ÇOCUKLUĞUNDAN bu yana tanıdığım ve zekásına güvendiğim bir ceza hukuku öğretim üyesinin sahtecilikler álemine dair düşüncelerine başvurdum. Bana aşağıdaki görüşleri bildirdi:
SAHTECİLİK
"Bir belgenin kendisi bakımından sahtecilik yapılabileceği gibi suretleri üzerinde de sahtecilik fiillerinin işlenmesi mümkündür.
Belgede sahtecilik nedir? Ya sahte belge düzenlenir ya da sahih bir belge tahrif edilir, değiştirilir. İlk durumda taklit, ikinci durumda değiştirme ya da tağyir vardır.
Taklit, belgenin gerçek görünüşte düzenleyeni ile gerçek düzenleyeninin farklı olmasıdır.
Sahih bir belgenin değiştirilmesi (kazıma, silme, ekleme gibi) değiştirme ya da tağyirdir. Surette kazıma, ekleme mümkündür.
Ancak surette yer alan bir imzanın ya da elyazısı metnin özgünlüğünü grafolojik olarak belirlemek ya olanaksızdır ya da çok güç. Fotokopi, belgenin bir tür fotoğrafı. Elyazısı metin ve imzanın özgünlüğünü ancak asıl belge üzerindeki inceleme ile tespit edebilirsin.

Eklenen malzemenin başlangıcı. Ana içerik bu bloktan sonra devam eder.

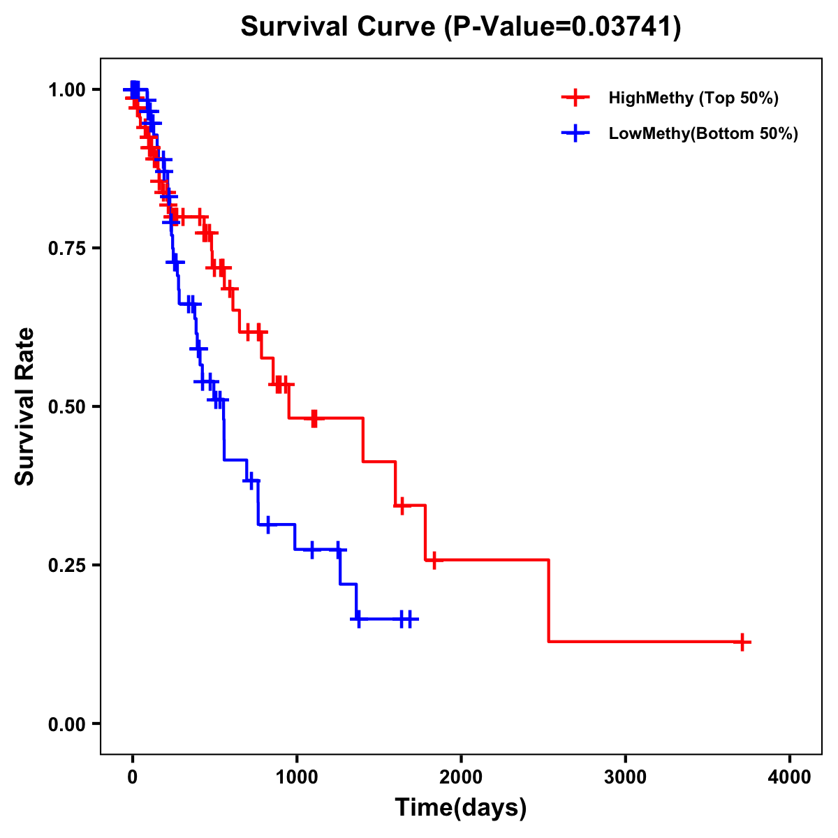 | Survival Curve of Esophagus Cancer of Expression | Survival Curve of Esophagus Cancer of Methylation | ||

Kalemin kullanılışı, elin titremesi gibi özelliklerin dikkate alınabilmesi için özgün belgenin bulunması gerek. Malum, elyazısı kişiliğin yansıması."
ASLININ OLMAMASI
Tartışma ve kovuşturma konusu yapılan "İrticayla Mücadele Planı" belgesinin aslının bulunmaması ve aslında "olmaması" çok mümkün.
Herhangi bir imza fotokopi ya da bilgisayar tekniğiyle herhangi bir metnin altına monte edilebilir. Bilgisayar uzmanlarının dediğine göre, albayın imzası herhangi bir yerden alınarak tarayıcıdan (scanner) geçirilerek word dosyasına eklenebilirmiş. "World belgesine Genelkurmay’ı karalayan o satırları yazmışlar; world belgesine PhotoShop programı ile bir şekilde elde ettikleri imzayı eklemişler. Çıktının fotokopisini alıp aslını imha etmişler" diyorlar. Bu olabilir mi? Olabilirmiş!

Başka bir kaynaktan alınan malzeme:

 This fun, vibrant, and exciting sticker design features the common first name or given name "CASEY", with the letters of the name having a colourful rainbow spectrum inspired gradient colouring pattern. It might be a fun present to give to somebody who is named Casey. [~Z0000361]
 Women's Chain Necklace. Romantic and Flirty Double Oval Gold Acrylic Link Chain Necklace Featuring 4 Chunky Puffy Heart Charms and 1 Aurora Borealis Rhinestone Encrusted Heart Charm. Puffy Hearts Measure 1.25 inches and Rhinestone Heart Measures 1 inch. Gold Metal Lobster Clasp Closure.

Ben bilgisayarı daktilo gibi kullandığım için bu işlerden anlamam.
BEN SABIRLIYIM
Belge Albay Dursun Çiçek tarafından üretilmiş olabilir mi? Olabilir! Ama o zaman fotokopi muhabbetini bir yana bırakıp belgenin aslını bulmak gerekiyor. Kim bulacak? İddia tarafı, iddia makamı bulacak. Fotokopiyle bu iş yürümez.
"İrticayla Mücadele Planı" metni AKP hükümetiyle Fethullah cemaatini hedef alıyor, öyle değil mi? Söz konusu belgenin Albay Dursun Çiçek tarafından hazırlandığı kanıtlanırsa, TSK içinde olduğu varsayılan cunta çökertilir. Bunu hepimiz isteriz.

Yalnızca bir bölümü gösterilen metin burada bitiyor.